Within the records below is a range that opens at the line with "Beim Ausgang werden" and closes at the line with "صورة التقطت أمس". Return that range word for word, both ends included, and only that range.

[Records]
++++++

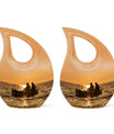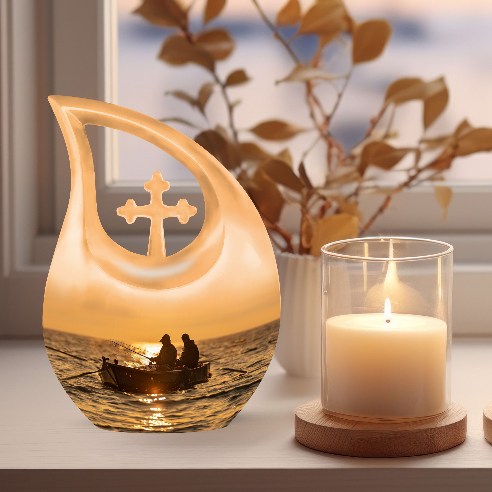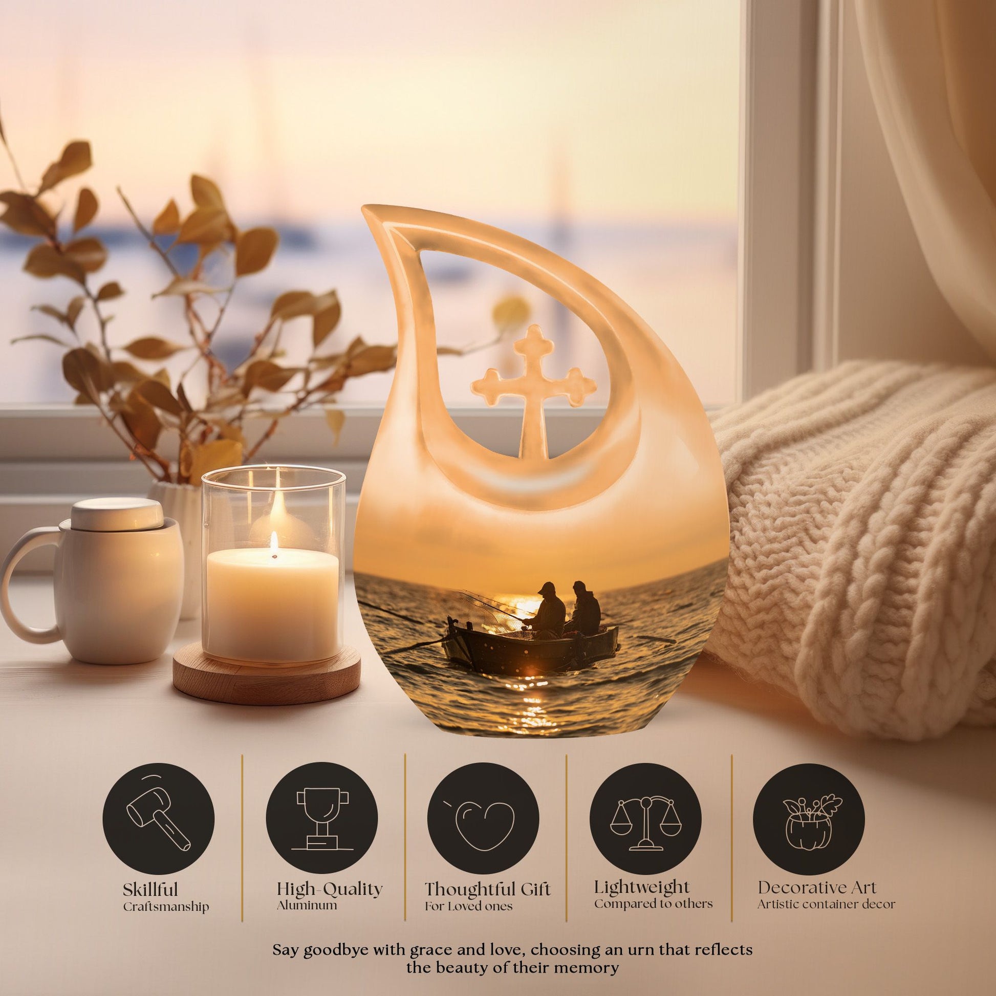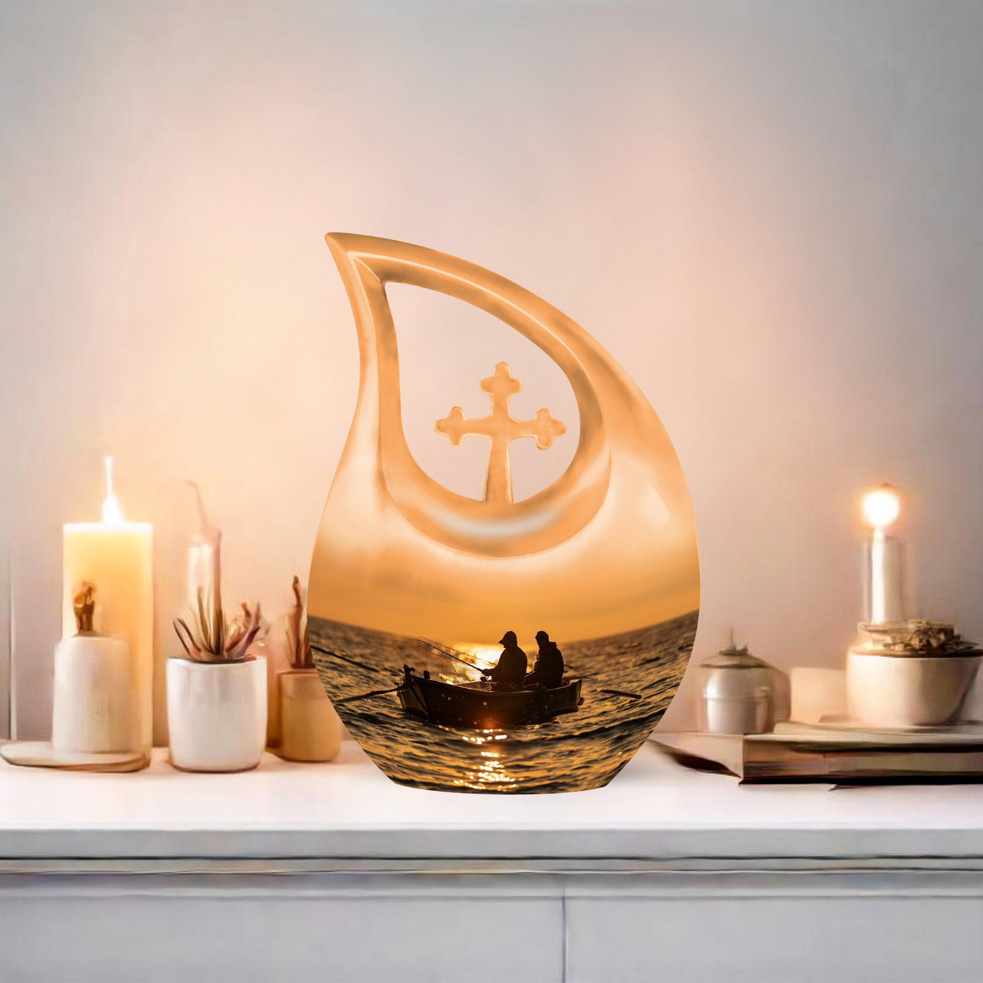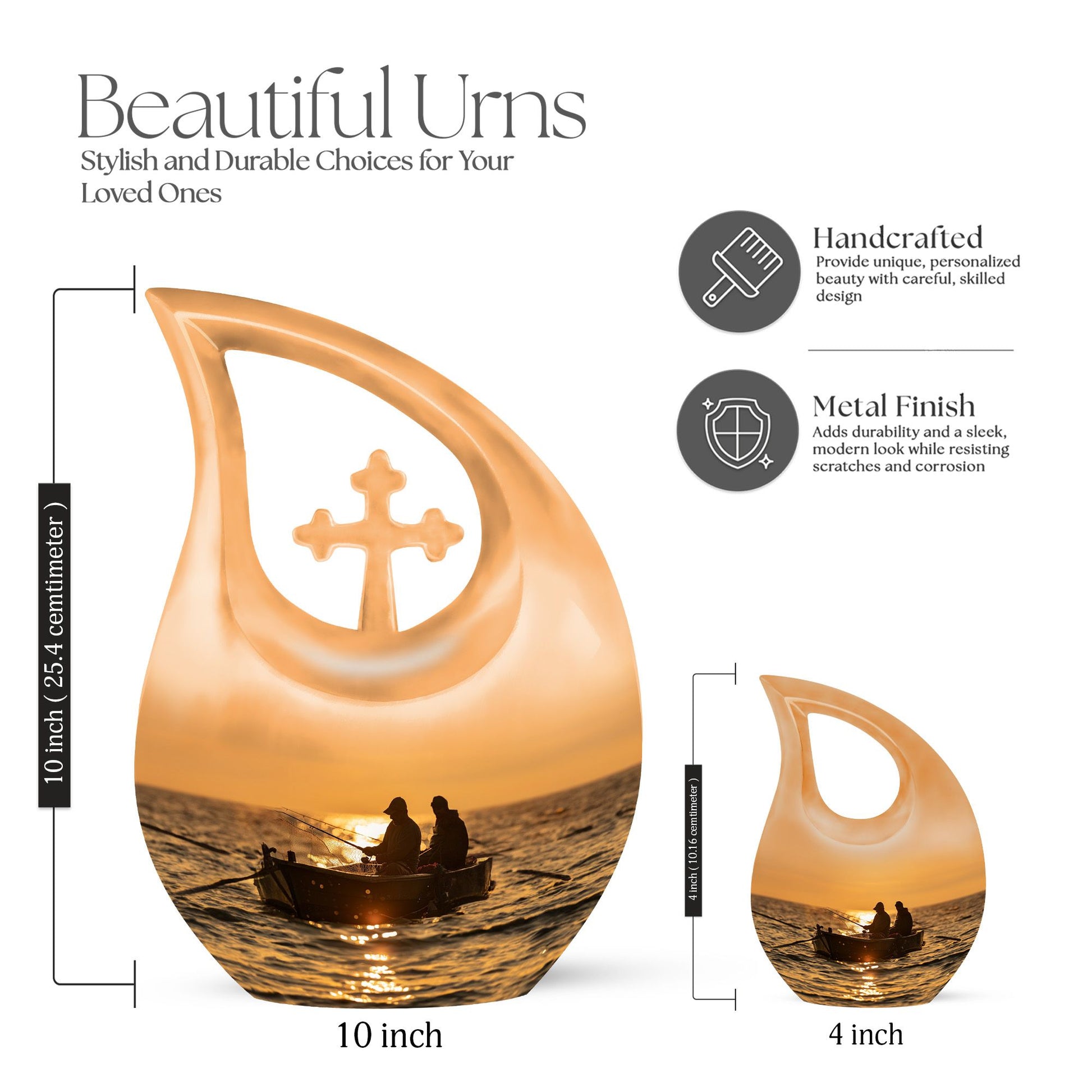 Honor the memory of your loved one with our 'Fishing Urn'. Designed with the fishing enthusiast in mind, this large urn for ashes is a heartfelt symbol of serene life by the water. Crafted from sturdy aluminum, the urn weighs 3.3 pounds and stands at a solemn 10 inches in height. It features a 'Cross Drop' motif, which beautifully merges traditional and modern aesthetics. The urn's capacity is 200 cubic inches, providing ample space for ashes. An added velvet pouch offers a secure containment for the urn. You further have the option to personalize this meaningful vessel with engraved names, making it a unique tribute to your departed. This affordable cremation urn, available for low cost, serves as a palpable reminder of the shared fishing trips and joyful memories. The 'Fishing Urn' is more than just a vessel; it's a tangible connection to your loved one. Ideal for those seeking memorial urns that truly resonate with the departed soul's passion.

++++++

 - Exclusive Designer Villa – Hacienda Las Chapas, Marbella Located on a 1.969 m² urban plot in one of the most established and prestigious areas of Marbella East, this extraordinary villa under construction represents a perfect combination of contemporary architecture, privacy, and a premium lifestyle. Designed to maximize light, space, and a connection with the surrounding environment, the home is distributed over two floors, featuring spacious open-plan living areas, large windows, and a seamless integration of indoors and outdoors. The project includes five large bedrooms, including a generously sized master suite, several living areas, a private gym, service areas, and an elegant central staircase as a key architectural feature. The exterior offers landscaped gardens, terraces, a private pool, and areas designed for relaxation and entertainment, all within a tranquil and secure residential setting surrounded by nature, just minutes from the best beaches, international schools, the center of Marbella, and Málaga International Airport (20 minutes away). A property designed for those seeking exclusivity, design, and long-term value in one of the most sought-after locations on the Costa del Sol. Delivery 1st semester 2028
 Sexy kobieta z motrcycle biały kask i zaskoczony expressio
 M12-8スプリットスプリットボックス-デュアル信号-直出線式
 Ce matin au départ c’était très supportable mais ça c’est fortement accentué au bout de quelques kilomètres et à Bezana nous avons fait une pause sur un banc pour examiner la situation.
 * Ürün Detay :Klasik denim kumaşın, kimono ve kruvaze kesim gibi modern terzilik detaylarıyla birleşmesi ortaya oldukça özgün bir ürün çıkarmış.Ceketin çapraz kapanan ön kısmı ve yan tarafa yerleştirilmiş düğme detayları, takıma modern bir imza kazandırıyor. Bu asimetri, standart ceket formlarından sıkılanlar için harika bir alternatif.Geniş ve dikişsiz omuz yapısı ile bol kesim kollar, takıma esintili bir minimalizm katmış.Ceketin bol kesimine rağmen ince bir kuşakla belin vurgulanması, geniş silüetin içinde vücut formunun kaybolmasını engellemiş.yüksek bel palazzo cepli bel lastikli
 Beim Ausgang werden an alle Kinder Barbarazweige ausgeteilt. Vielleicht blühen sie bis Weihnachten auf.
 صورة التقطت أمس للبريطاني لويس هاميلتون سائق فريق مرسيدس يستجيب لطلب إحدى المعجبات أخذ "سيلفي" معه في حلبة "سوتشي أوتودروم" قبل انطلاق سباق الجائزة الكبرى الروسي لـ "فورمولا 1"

++++++

[Solution for this task]
 Beim Ausgang werden an alle Kinder Barbarazweige ausgeteilt. Vielleicht blühen sie bis Weihnachten auf.
 صورة التقطت أمس للبريطاني لويس هاميلتون سائق فريق مرسيدس يستجيب لطلب إحدى المعجبات أخذ "سيلفي" معه في حلبة "سوتشي أوتودروم" قبل انطلاق سباق الجائزة الكبرى الروسي لـ "فورمولا 1"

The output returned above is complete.